Orchid Mantis is an act that just assumes the mantle of the unnassuming. Quietly doing his thing among the twisted parameters of post-punk, jangle-pop and lo-fi, you have to dig as far as his Tumbler blog before finding out his name is Thomas Howard.
Without overtly courting attention, his music is starting to drift slowly into critical focus, with Slovakian cassette label behemoths (yes…there is nearly such a thing) Z Tapes following this cassette release with a vinyl release of his 2018 Kulla Sunset album, after it was selected in a recent fan ‘what vinyl do you fancy’ poll by label fans.
This album merely accentuate the reason for such a growing appeal. Essentially, Howard has ‘twang’ and knows exactly how, when and why, to use it with the tracks imbued with the most obvious/traditional of beauty, like Within and Apart, Never Know Why and Even In Dreams.

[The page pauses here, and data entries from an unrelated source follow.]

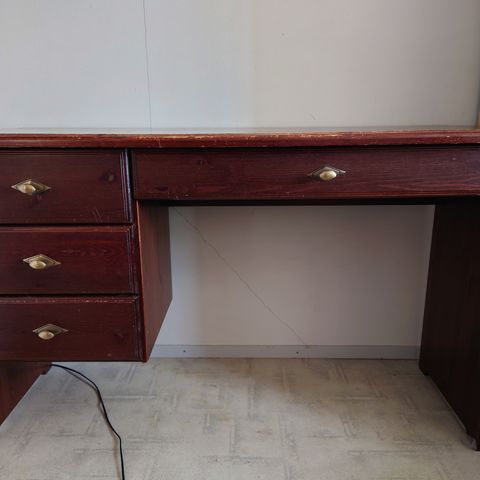 Myydään tyylikäs ja persoonallinen työpöytä. Tämä malli on tavallisia laatikkopöytiä harvinaisempi, sillä siinä on sivuilla ovet, jotka kätkevät taakseen runsaasti säilytystilaa ja antavat pöydälle selkeän, kalustemaisen ilmeen.
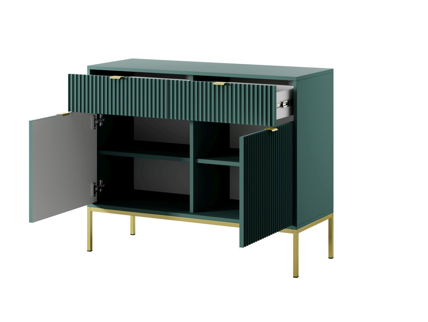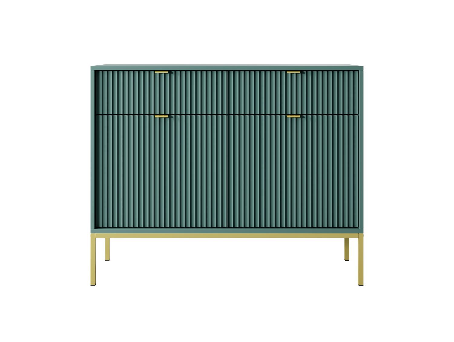 Komoda dwudrzwiowa ORT z dwiema szufladami 104 cm ryflowany front zielony Komoda dwudrzwiowa ORT z dwiema szufladami 104 cm ryflowany front zielony
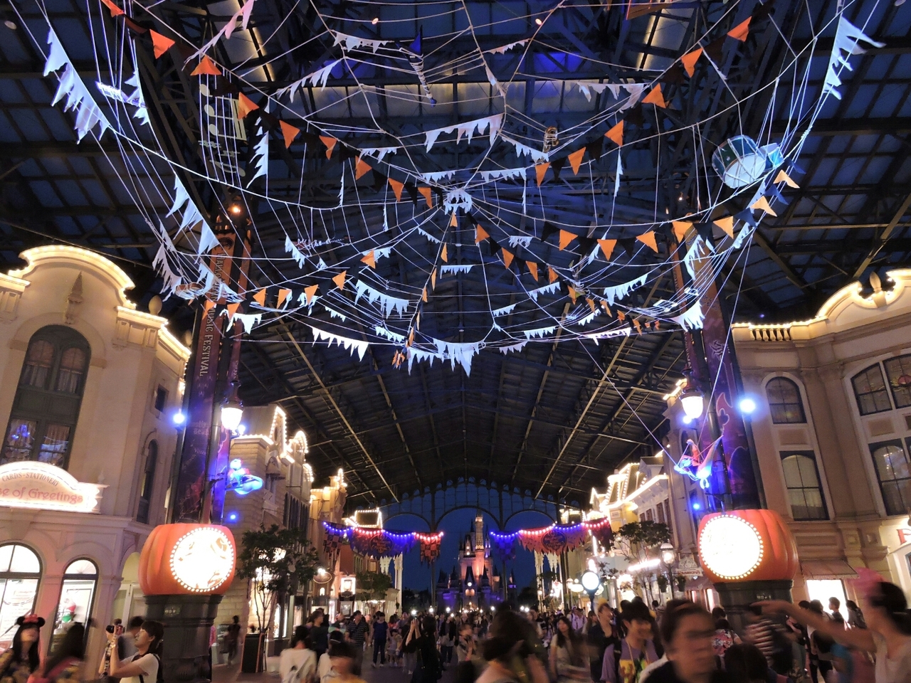 ショーもリニューアルされて、「ポップンライブ」という名にふさわしくミッキー達の衣装も音楽にちなんだ衣装になっていました。そして、アーケードのデコがおばけやカボチャでかわいくデコレーションされてました。ショーウィンドーにはおばけのミキミニがいたり、とってもかわいくなってました!
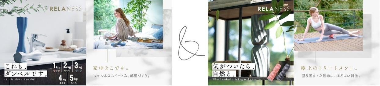 RELANESSはこの1年間で、飾れるぶら下がり健康器「RelaxHang」、飾れるダンベル「CurvyBar」、飾れるストレッチアイテム「ReleaseRoller」というインテリア×フィットネスの高度な調和を実現した“飾れる”シリーズ3製品と、【日本初】のすべり止め構造を採用し(※2)、遊び感覚で有酸素運動を日常に取り入れられる「SlideMat」の計4製品をご提案してまいりました。新型コロナウイルスの流行と落ち着きを経て加速した心身の健康に対する意識の高まりを背景に、「RelaxHang」は発売前より2,000名超の事前購入 希望を集め、発売から1週間で楽天市場の関連ランキング9冠を達成(※3)、また最新製品の「SlideMat」もクラウドファウンディングサイト「Makuake」にてプロジェクト開始からわずか3分で目標金額を達成し、最終的に応援購入金額1,000万円超(応援購入者1,146人)という好実績を獲得しました。
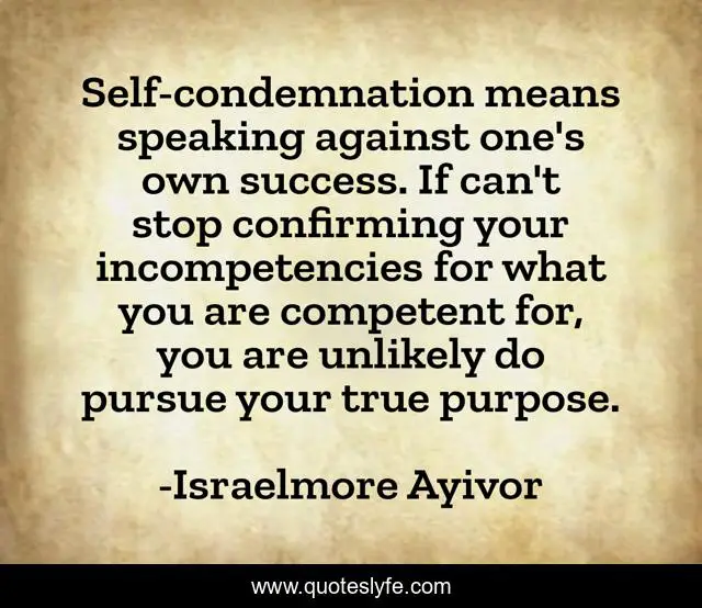 Self-condemnation means speaking against one's own success. If can't stop confirming your incompetencies for what you are competent for, you are unlikely do pursue your true purpose.
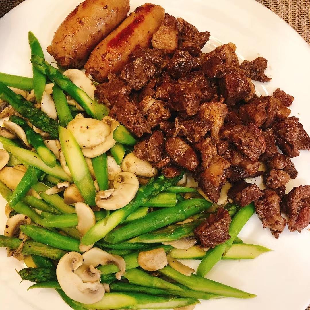 牛排🥩买的肋眼肉,皓月家的牛肉肉质还是不错。 煎之前冲洗干净后用厨房纸吸干净,用砸肉锤敲打牛排🥩(不用太用力),可烹饪的橄榄油煎制两遍金黄(并没有这个颜色,就是表示两边煎熟),然后用夹子夹着然后用剪刀✂️煎成一个一个小块,撒黑胡椒碎粒和盐(我用的喜马拉雅大力粉盐研磨),翻炒一会儿即可出锅,不要时间太久容易硬。口蘑和芦笋是分别用其他两个锅小火烹熟,撒黑胡椒和盐。✌️ 好吃😋
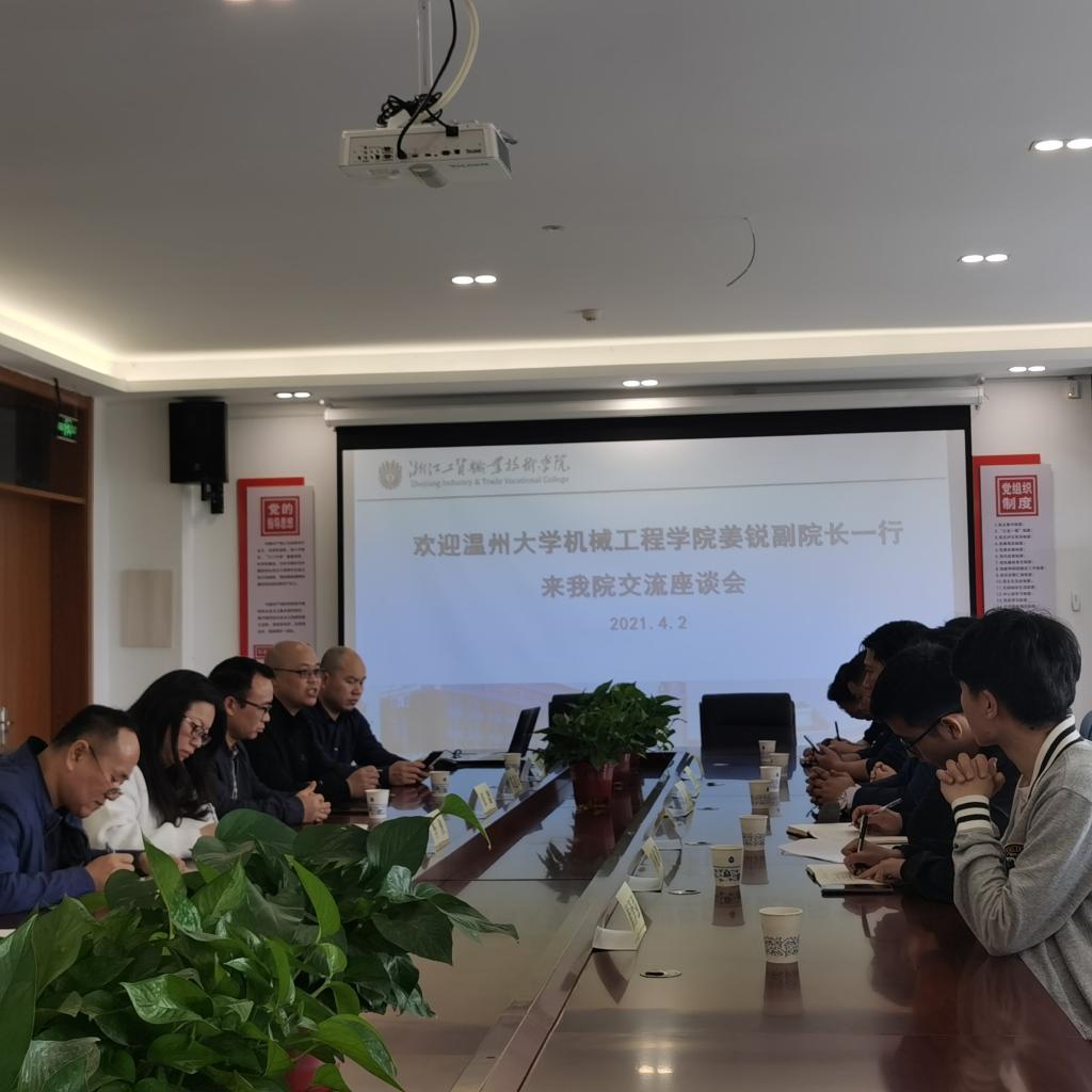 4月2日上午,温州大学机电工程学院副院长姜锐一行来到我校瓯江口校区参观交流,光电分院院长郑道友、实训中心主任姚锡钦等负责陪同接待并进行座谈交流。
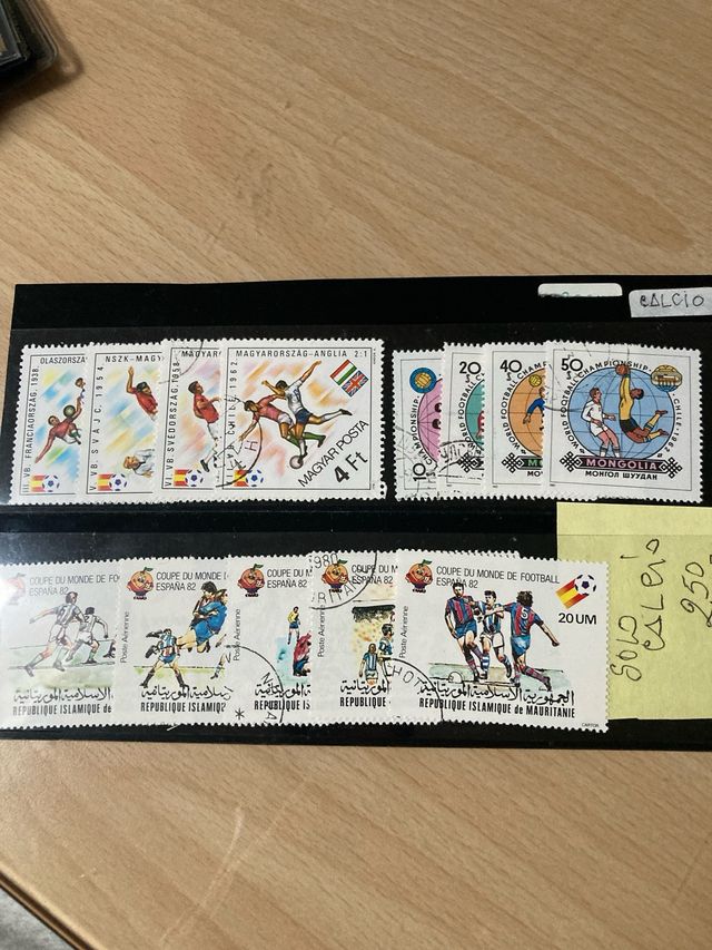 francobolli tema Calcio tre serie Ungheria, Mauritania, Mongolia tutti timbrati e perfetti da collezione.
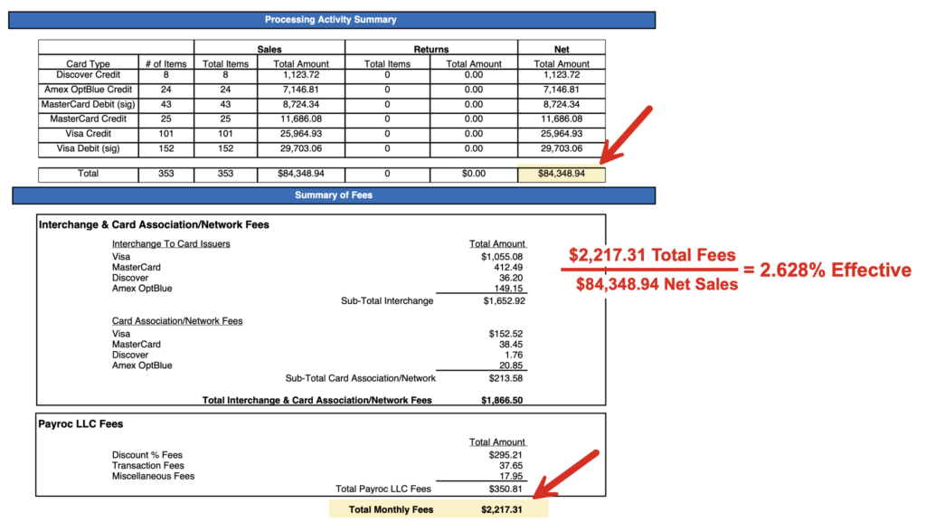 Effective Rate = (Total Merchant Fees) / (Total Net Card Sales Volume)
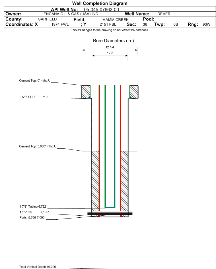 | Wellbore Completed | | Completion Date: | 7/7/2001 | | Spud Date: | 4/19/2001 | Spud Date Is: | ACTUAL | | Measured TD: | 7195 ft. | Measured PB depth: | 7155 ft. | | True Vertical TD: | | True Vertical PB depth: | | | Log Types: | CBL/GR/CCL/RST/GR/CCL | | Casing: | String Type: SURF, Hole Size: 12.25 in., Size: 8.625 in., Top: 0 ft., Depth: 713 ft., Weight: 24 , Citings Type: ACTUAL | | Cement: | Sacks: 360, Top: 0 ft., Bottom: 713 ft., Determination Method: CALC | | Casing: | String Type: 1ST, Hole Size: 7.875 in., Size: 4.5 in., Top: 0 ft., Depth: 7196 ft., Weight: 11.6 , Citings Type: ACTUAL | | Cement: | Sacks: 900, Top: 3600 ft., Bottom: 7196 ft., Determination Method: CBL | | Formation | Interval Top | Log Bottom | Cored | DSTs | | WILLIAMS FORK | 4650 ft. | | N | N |

These provide spacious, slightly gaze inflected, obvious melodies, that draw the listener in to their sense of stunning, before sporadically piercing their core with sudden spikes of twanged notes and riffs. It is the atypical musical trick of a man who would hate to let his listeners ‘settle’. It’s possibly his best apposite position.
The twang becomes more of a foundation within more desolate isolation of tracks such as Can’t See Anymore, Keswick Park, Tell and Light Beyond (Right Now), that take a jangly post-punk edge and tether everything to dominant, isolated twanging riff(s). It’s a technique used with perfect effect within the Dunedin sound, but somehow this sort of 17 Seconds (The Cure) feel just gives it added credence.
It is perhaps a bit churlish of me to separate the tracks into to the distinct ‘feels’ above. For this is one of those albums that never threatens to step away from a unifying atmosphere that allows the album to flow as if it is one elongated track.
With the spotify generation able to slap, dash and dribble through an album as ifit were merely a collection of singles, it is the need to put all the pieces together that probably means it takes a while for Howard’s music to finally sink in.
However, once it does and the musical jigsaw is completed, it restores total faith in the reason why the concept of ‘the album’ will always survive, even when faced with the terrors of today’s ADHD musical generation.